Background: Cor triatriatum sinister is a rare, surgically correctable, congenital cardiac anomaly. Fewer than 250 cases have been reported. It can occur as an isolated defect (classic) or in association with other congenital cardiac anomalies (atypical).
Methods: A retrospective review of 28 consecutive patients diagnosed at the Royal Children's Hospital in Melbourne, Australia during a 22-year span from 1981 to 2003.

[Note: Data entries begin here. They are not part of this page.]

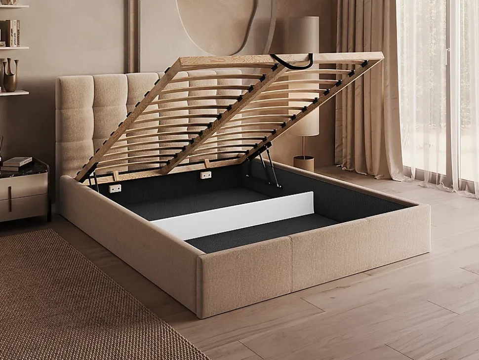 Optimisez votre espace avec élégance grâce au lit coffre MIRDAL au style contemporain et au coloris apaisant. Sa conception astucieuse vous offre 2 espaces de rangements sous le sommier afin de créer la chambre astucieuse vos rêves. Caractéristiques Couleur (nuance) : Beige Matière (précision) : 100 % Polyester, Velours Structure : Bois, Panneau de particules, MDF Taille (couchage) : 200 x 200 cm Nombre de places : 2 places Garnissage : Mousse polyuréthane Densité (garnissage) : 23 kg/m³ Sans matelas Avec sommier Type de sommier : Cadre à lattes Nombre de lattes : 24 lattes Gamme : Good for Planet Produit : Fabriqué en Europe Charge maximale supportée : 180 kg À monter soi-même : Sommier en contreplaqué : Coffre séparé en 2 parties : Ce lit est compatible avec tous les matelas 200 x 200 cmDimensions Longueur : 210 cm Hauteur : 106 cm Profondeur : 213 cm Hauteur de couchage : 29 cm Coffre 1 : L201 x P100 x H14 cm Coffre 2 : L201 x P100 x H14 cmLivraisonLors de la livraison, il est conseillé de vérifier que le bon nombre de colis a été livré.ColisColis n°1 : Longueur 213 cm, Largeur 110 cm, Hauteur 10 cm, Poids 30 kg. Colis n°2 : Longueur 205 cm, Largeur 31 cm, Hauteur 19 cm, Poids 33 kg. Colis n°3 : Longueur 202 cm, Largeur 26 cm, Hauteur 12 cm, Poids 16 kg.
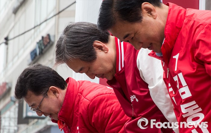(김포=포커스뉴스) 8일 오후 경기 김포시 사우동 인근에서 김동식 새누리당 김포갑, 홍철호 김포을 후보 합동지원유세에 나선 김무성 대표가 두 후보와 함께 인사하고 있다.
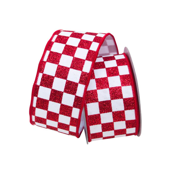 Add a playful pop of pattern to your holiday decorating with this 2.5" x 10yd Red Glitter Checks Ribbon, sparkling with just the right amount of festive glam. The classic check design gets a merry makeover with glitter that catches the light on trees, wreaths, garlands, and gift wrap, instantly making everything feel more special. With its wired edges for easy shaping, this ribbon holds its curls and bows beautifully, giving your décor that polished, designer-finished look all season long.
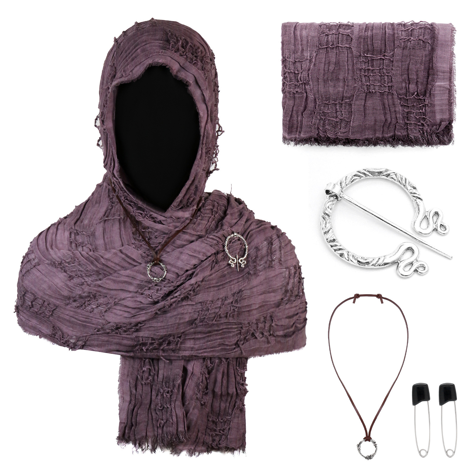 cst153tp taro purple battle-damaged scarf (190cm*70cm) + brooch + pin + pendant
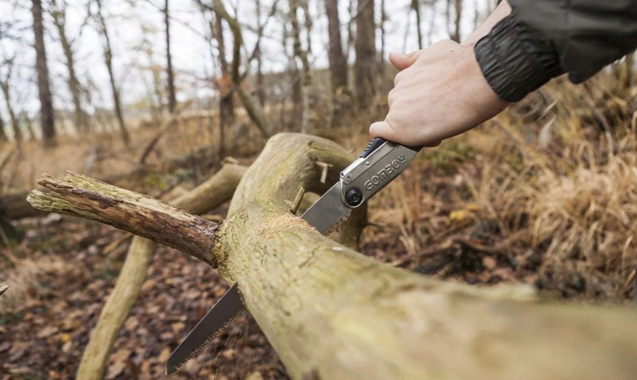 Легка та професійна складна пила. Це дозволяє виконувати теслярські, теслярські та садові роботи, такі як обрізка гілок або різання блоків деревини.
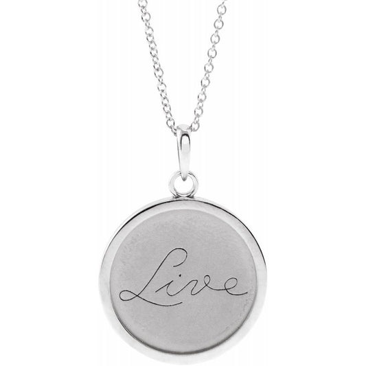 14K Gold Live, Love, Hope Engraved Disc 16-18" Necklace
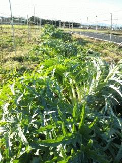 畑を取得した当初、思い付きで配置したアーティチョークですが、葡萄棚を拡張するにあたり、不都合が生じたので一箇所に纏め、レイアウト的にもすっきりした感じです。
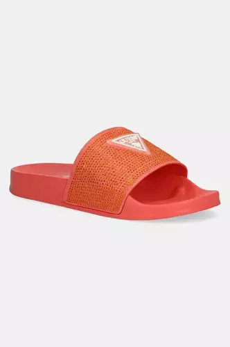 Guess klapki BEACH SLIPPERS STRASS damskie kolor pomarańczowy E4GZ25 BB00F

Results: There were 13 men (46%) and 15 women (54%). Fifteen patients were less than 1 year of age (neonates, [n = 7], 25%; infants, [n = 8], 29%). 17 patients (61%) had a communication between the right atrium and either the proximal or distal chamber. Fifteen patients (54%) had atypical cor triatriatum. Median age at presentation was 6 months (range, 0.6 to 240). Twenty-four patients (86%) had presented by 5 years of age. Five patients (18%) underwent emergency surgery. Median age at operation was 7 months (range, 1 to 243). Twenty-seven patients (96%) underwent preoperative transthoracic echocardiography. Nine patients (32%), all with atypical cor triatriatum, required cardiac catheterization for diagnosis. Twenty-seven patients (96%) were correctly diagnosed before treatment. Twenty-seven patients (96%) were treated surgically. The defect was approached through the right atrium in 26 patients (93%). There was 1 early death and 1 patient died 10 years after repair. Follow-up was 86% complete. At a median follow-up of 98 months (range, 0.2 to 284), all patients including those with atypical cor triatriatum were in New York Heart Association's function class 1. Post-repair survival was 96% and 88% at 5 and 15 years, respectively.
Conclusions: Surgery offers good early and long-term results for both classic and atypical cor triatriatum.